• [EXERCISE AIM] Under this line sits a listing. Repeat exactly and only its lines from the one holding "به مناسبت فرارسیدن" through the one holding "펴 객들을 반겨준다."; skip pictures.

------ DATASET ENTRIES

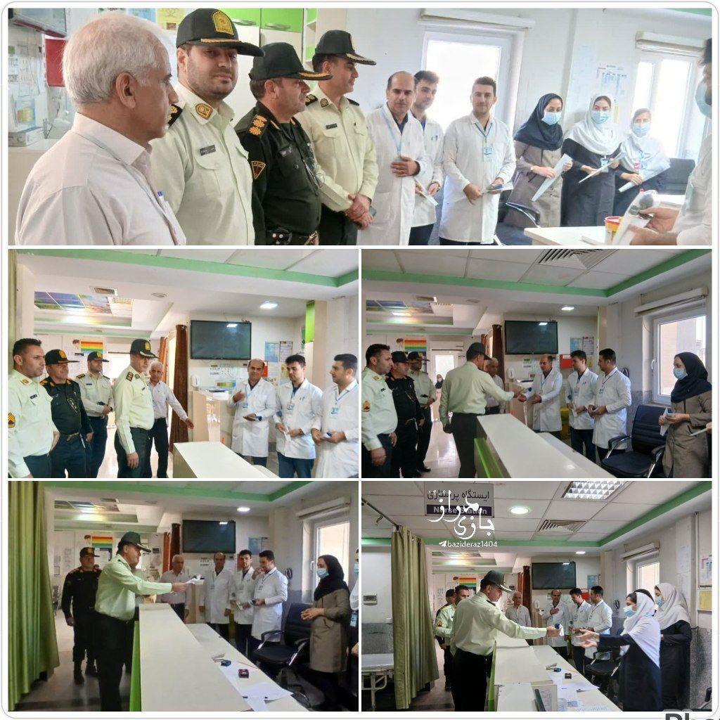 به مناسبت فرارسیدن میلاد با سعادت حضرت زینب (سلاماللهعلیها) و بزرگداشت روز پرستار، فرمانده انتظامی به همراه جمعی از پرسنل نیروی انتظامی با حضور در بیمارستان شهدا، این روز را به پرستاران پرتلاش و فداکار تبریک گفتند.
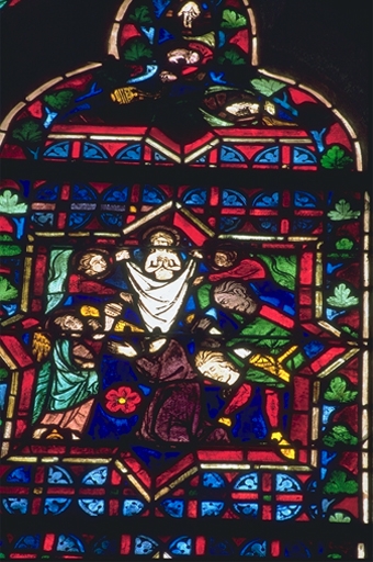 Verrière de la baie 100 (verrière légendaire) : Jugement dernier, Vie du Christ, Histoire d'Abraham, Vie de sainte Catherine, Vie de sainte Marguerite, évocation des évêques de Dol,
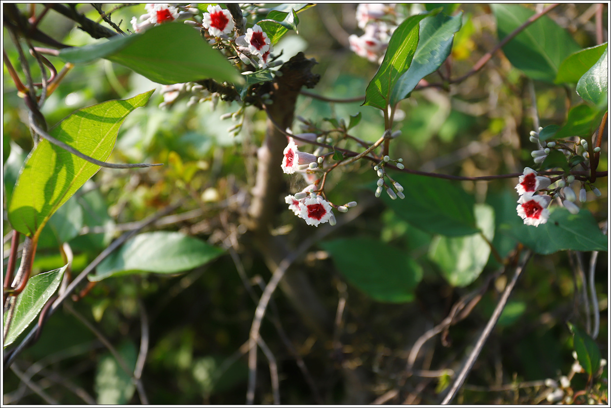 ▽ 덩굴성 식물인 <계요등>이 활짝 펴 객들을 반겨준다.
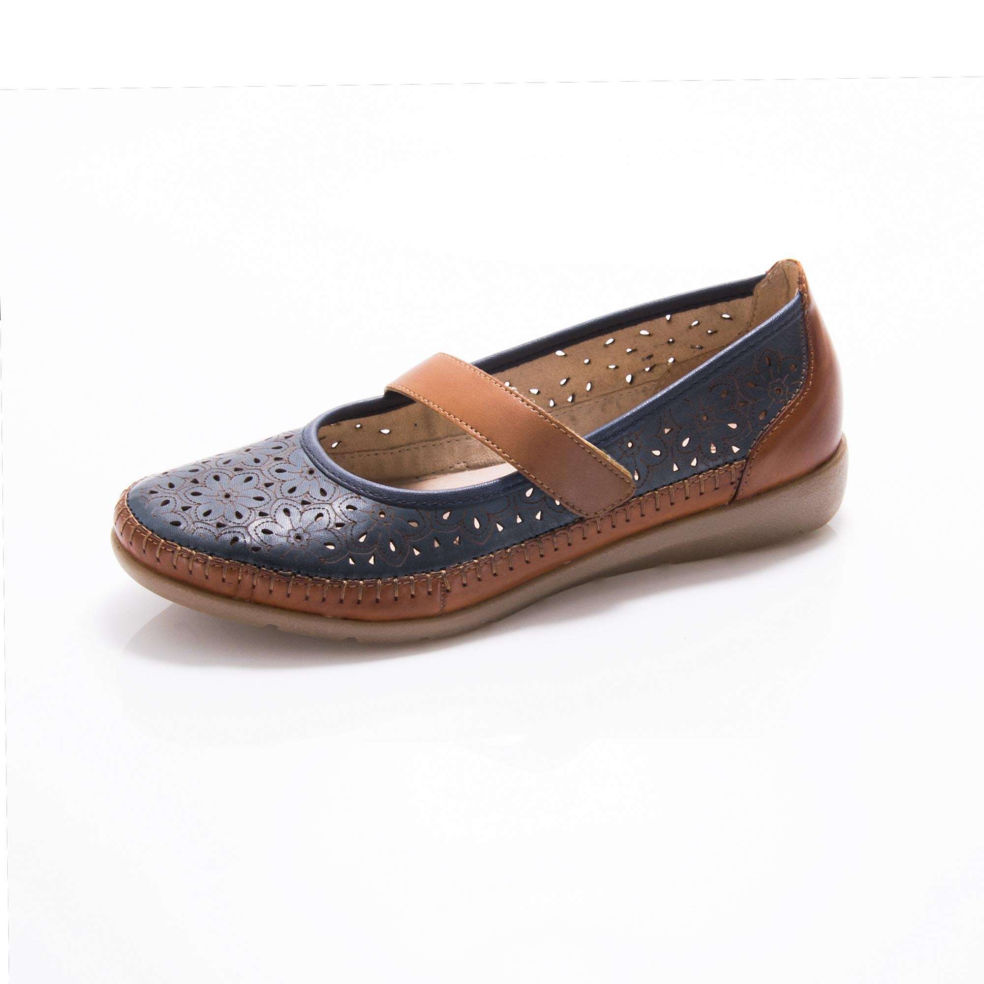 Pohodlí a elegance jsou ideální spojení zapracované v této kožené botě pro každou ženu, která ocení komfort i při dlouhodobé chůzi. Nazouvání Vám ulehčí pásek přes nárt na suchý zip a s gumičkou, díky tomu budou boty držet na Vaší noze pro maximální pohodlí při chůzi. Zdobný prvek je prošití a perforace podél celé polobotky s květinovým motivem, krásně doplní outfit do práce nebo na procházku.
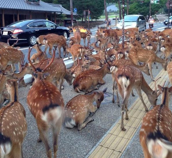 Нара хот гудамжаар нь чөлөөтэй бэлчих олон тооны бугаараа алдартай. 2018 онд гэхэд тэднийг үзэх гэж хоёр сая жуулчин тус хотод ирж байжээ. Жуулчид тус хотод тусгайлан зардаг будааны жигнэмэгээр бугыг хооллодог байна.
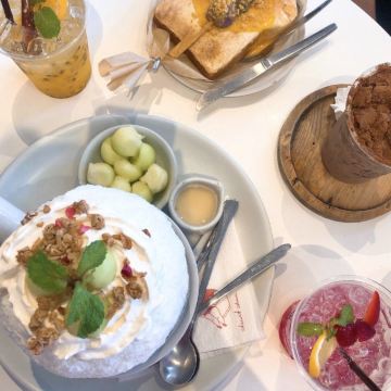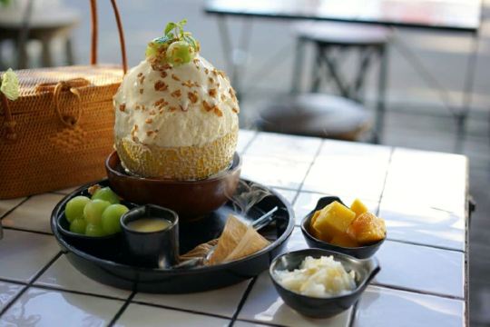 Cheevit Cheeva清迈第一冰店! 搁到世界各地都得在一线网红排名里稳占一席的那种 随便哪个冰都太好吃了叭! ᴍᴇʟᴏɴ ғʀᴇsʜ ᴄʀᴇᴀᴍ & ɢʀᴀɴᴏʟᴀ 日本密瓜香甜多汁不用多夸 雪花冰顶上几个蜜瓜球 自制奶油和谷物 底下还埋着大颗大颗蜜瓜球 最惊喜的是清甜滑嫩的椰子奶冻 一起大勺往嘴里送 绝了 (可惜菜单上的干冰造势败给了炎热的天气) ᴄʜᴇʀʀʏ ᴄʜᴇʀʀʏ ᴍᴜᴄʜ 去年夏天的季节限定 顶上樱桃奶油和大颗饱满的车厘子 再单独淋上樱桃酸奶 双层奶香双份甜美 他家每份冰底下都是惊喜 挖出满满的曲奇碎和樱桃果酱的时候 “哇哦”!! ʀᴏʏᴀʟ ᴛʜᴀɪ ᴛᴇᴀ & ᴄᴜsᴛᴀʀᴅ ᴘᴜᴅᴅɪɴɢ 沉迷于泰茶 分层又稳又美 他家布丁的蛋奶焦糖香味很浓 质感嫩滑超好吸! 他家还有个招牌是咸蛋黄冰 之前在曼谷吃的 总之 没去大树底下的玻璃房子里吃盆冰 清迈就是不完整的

------------
------ DATASET ENTRIES

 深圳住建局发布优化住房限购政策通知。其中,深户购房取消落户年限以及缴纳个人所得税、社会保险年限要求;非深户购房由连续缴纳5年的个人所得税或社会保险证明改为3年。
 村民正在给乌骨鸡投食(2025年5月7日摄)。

------------

• [WRITTEN SOLUTION]
 به مناسبت فرارسیدن میلاد با سعادت حضرت زینب (سلاماللهعلیها) و بزرگداشت روز پرستار، فرمانده انتظامی به همراه جمعی از پرسنل نیروی انتظامی با حضور در بیمارستان شهدا، این روز را به پرستاران پرتلاش و فداکار تبریک گفتند.
 Verrière de la baie 100 (verrière légendaire) : Jugement dernier, Vie du Christ, Histoire d'Abraham, Vie de sainte Catherine, Vie de sainte Marguerite, évocation des évêques de Dol,
 ▽ 덩굴성 식물인 <계요등>이 활짝 펴 객들을 반겨준다.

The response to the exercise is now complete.